It still hasn’t quite sunk in that Boris Johnson is our Prime Minister. But it’s happened, and the new occupier of 10 Downing Street has appointed a new cabinet of horrors. Unlike Johnson’s backroom operation, which is filled with Vote Leave figures including Dominic Cummings, the reshuffle did not fall neatly along Remain/Leave lines but instead saw patronage win out and Jeremy Hunt supporters kicked out. The sacking of Penny Mordaunt, a staunch Brexiteer who endorsed Hunt, is evidence of that, as is the continued presence of Amber Rudd. The new Prime Minister looked at the resignations of Philip Hammond and David Gauke, and decided to make his potential backbench rebellion problem even bigger.

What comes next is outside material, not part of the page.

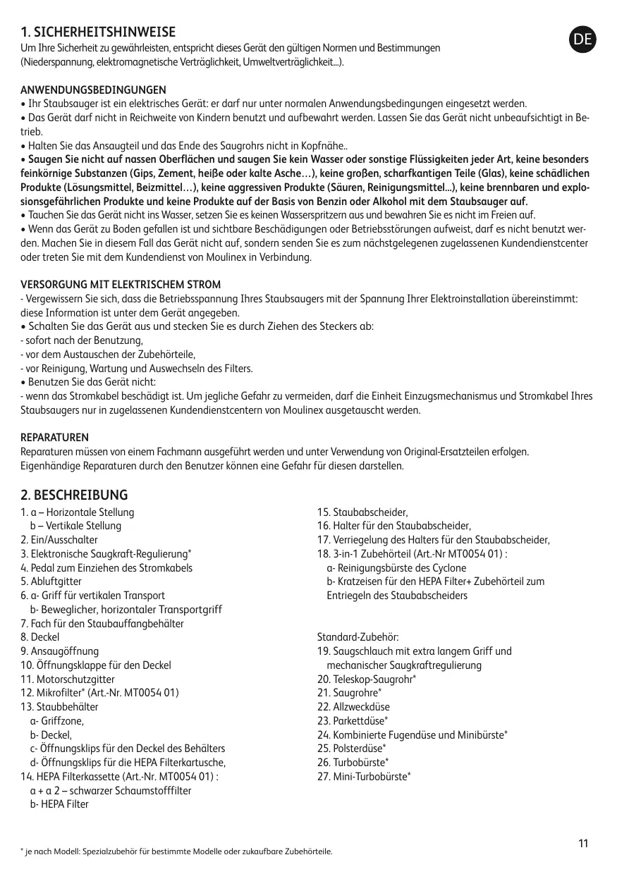 - using the electronic power regulator* (3): turn the switch on the electronic regulator* to set the suction power: towards maximum position for floors and minimum position for furniture and fragile fabrics – fig. 8. - with the mechanical power regulator on the grip: open the slider on the grip to manually reduce suction power, e.g.: on fragile surfaces… – fig. 9. STORING AND TRANSPORTING THE APPLIANCE • After use, stop your vacuum cleaner by pressing the On/Off pedal (2) and unplug it – fig. 10. Wind the power cord by pressing the cord winder pedal (4) – fig. 11. 1.1. LEEREN DES STAUBBEHÄLTERS Leeren Sie den Staubbehälter (13) nach jeder Benutzung aus. • Ziehen Sie den Öffnungsklips des Staubbehälters (13c) zum Öffnen nach oben - Abb. 16. • Nehmen Sie den Deckel (13b) ab - Abb. 17 und leeren Sie den Behälter über einem Abfalleimer aus - Abb. 18a. DE • Ziehen Sie gleichzeitig an beiden Öffnungsklips für die HEPA Filterkartusche (13d) - Abb. 19a. • Nehmen Sie den schwarzen Schaumstofffilter (14a) vom HEPA Filter (14b) ab - Abb. 19b. • Drehen Sie den HEPA Filter (14b) um und klopfen Sie ihn über einem Mülleimer aus - Abb. 30. • Kratzen Sie den Filter anschließend mit dem Zubehörteil* (18b) unter lauwarmem Wasser ab und lassen Sie den HEPA Filter 24 Stunden lang trocknen – Abb. 31. SE L’ASPIRAPOLVERE SI SPEGNE DURANTE L’ASPIRAZIONE • La sicurezza termica ha funzionato. Verificare che il tubo e il flessibile non siano ostruiti o che la cassetta per la polvere e i filtri non siano pieni. Lasciate raffreddare 30 minuti prima di rimettere in funzione l'aspirapolvere. Se persiste un problema, portare l’aspirapolvere al Centro Assistenza Autorizzato Moulinex più vicino. Per un elenco dei centri assistenza autorizzati, contattare il servizio consumatori al recapito indicato nel certificato di garanzia internazionale allegato. GARANZIA • Questo apparecchio è riservato unicamente a un uso casalingo e domestico; in caso d'utilizzo non appropriato o non conforme alle istruzioni per l'uso, il fabbricante non si assume nessuna responsabilità e la garanzia è annullata. - antes de cada limpieza, mantenimiento o cambio de filtro. • No utilice el aparato: - en caso de que el cable esté dañado. Para evitar cualquier peligro, el sistema de recogida y el cable de su aspiradora deberán cambiarse obligatoriamente en un Centro de Servicio Autorizado Moulinex. REPARACIONES Las reparaciones sólo deberán ser realizadas por especialistas con piezas de recambio originales. Reparar un aparato usted mismo puede provocar un peligro para el usuario.

What does this brutal reshuffle tell us about Johnson’s premiership? As to be expected, loyalty is key rather than competence or integrity. We now have a Home Secretary who was sacked for holding secret meetings with Israeli ministers, and a Foreign Secretary who “hadn’t quite understood” how important the Dover-Calais crossing was to UK trade until very recently. The take-no-prisoners approach, careless as it is with the tiny Tory majority, also suggests that an early election is on the cards, particularly with strategist Cummings on staff.
Jo Swinson has put down an early day motion expressing no confidence in the PM, but Jeremy Corbyn must table the motion himself for it to be an official vote and Labour is unlikely to support the move now. Quite sensibly, too: the last thing the opposition should do is hand Johnson a victory on parliament’s return in September. Tory MPs need to see more from the Prime Minister before they consider bringing down their own government, and the threat of no deal must be looming larger than ever. John McDonnell told ITV’s Peston last night that the right time will be “when Boris comes back with something undeliverable”.
This is strategic planning, not intended to underestimate the urgency of the situation. Boris Johnson and his cabinet ministers are going to make people’s lives much worse very soon. As Novara Media’s Ash Sarkar noted in constructively critical tweets this morning, Corbyn isn’t currently present enough. He needs to make himself visible immediately. The Labour leader must capitalise on Johnson’s weaknesses – particularly his laziness – and work harder than ever, because we don’t get to play politics on easy mode.
The new Prime Minister will be shameless. He will, as Simon Fletcher puts it, “obfuscate, avoid accountability, brazenly steal policies and close down as many attack lines as he can to defend his position”. It’s time for the left to identify its biggest enemy as the man in No10 and adopt the campaign mindset that so excited activists in 2017. A good start for members on the ground is in Johnson’s own marginal seat, where Labour candidate Ali Milani is aiming to unseat a Prime Minister for the first time since 1906.